Insights into Automatic Machine Translation Evaluation: Reference Quality Matters
In the paper "BLEU might be Guilty but References are not Innocent," the authors critically examine the evaluation methodologies utilized in assessing machine translation (MT) quality, specifically focusing on the interplay between automatic metrics and the reference translations they rely on. The central hypothesis they explore is that traditional reference collections may inadvertently bias automatic metrics like BLEU, particularly favoring outputs that mimic the style of translationese. Consequently, the paper investigates alternative reference preparation techniques, with a focus on enhancing their diversity and decreasing translationese artifacts.
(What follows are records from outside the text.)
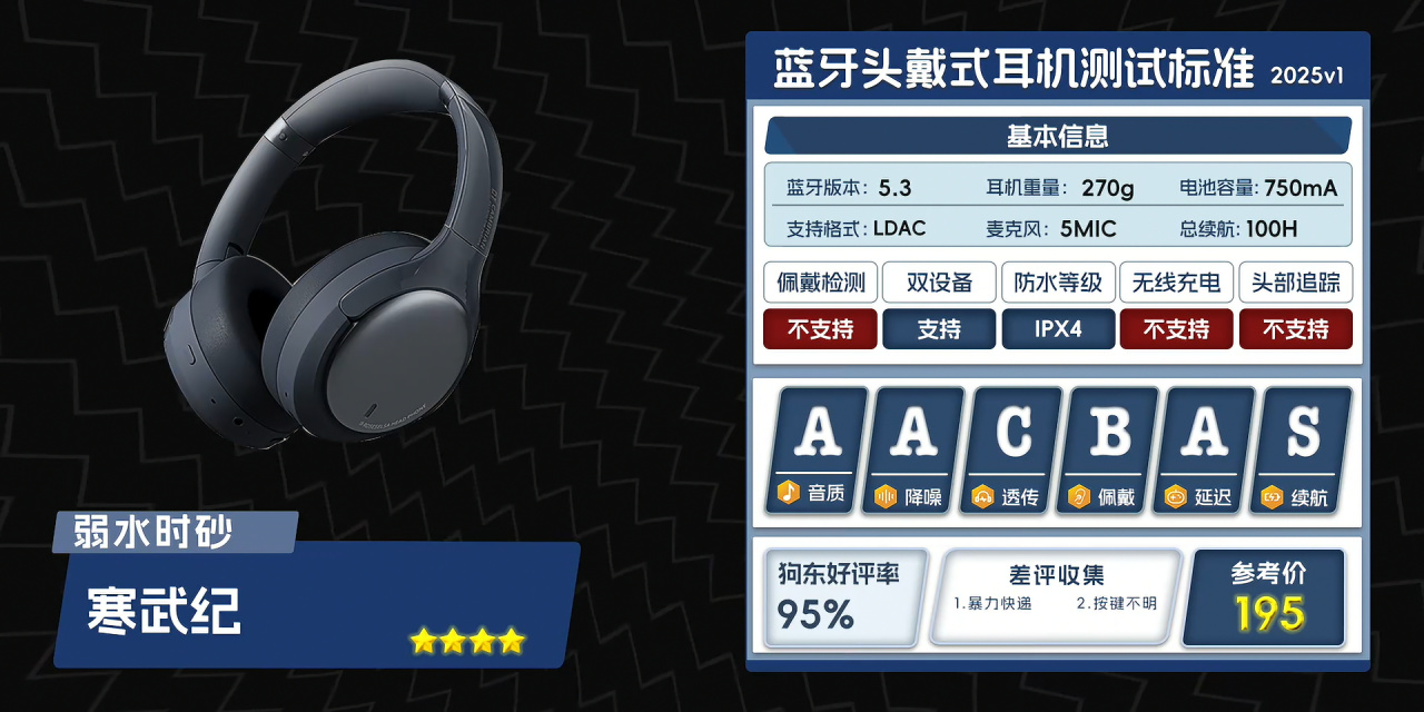 这次测评下来,我会比较推荐弱水时砂 寒武纪,作为弱水家试水蓝牙头戴市场的第一支耳机,在配置层面上给足了诚意,做工质感、主动降噪、声音表现、续航电池基本上都是同价位佼佼者水平,周边的功能也都配备齐全,唯一要吐槽的地方就是佩戴的夹持力稍大,到手后建议用耳机盒撑一撑。
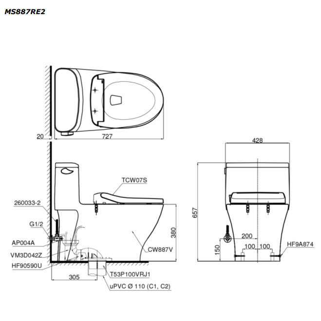 Bản vẽ kỹ thuật bồn cầu TOTO nắp rửa cơ MS887RE2
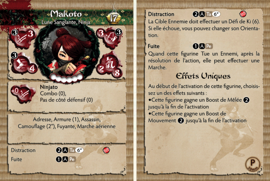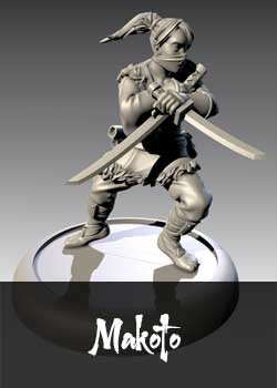 Makoto se bat sous la maison de la lune saignante pour le clan Shadow Wind. Sur le champ de bataille, elle est partout et nulle part à la fois. Les ennemis ont du mal à la suivre au corps à corps et ceux qui tentent de riposter au milieu de son assaut découvrent souvent qu'elle est déjà partie. Aussi mortelle qu'elle est belle, son visage est la dernière chose que beaucoup verront.

Highlights and Methodology
The authors argue that the quality of reference translations is paramount in ensuring reliable automatic metrics evaluation. Their paper demonstrates that references typically collected with conventional human translation methodologies exhibit poor diversity, which can lead to bias in automatic evaluations and inaccurately penalize systems producing fluent and adequate outputs. To address this issue, they propose a novel paraphrasing approach, wherein linguists are tasked with producing diverse paraphrased versions of the reference translations.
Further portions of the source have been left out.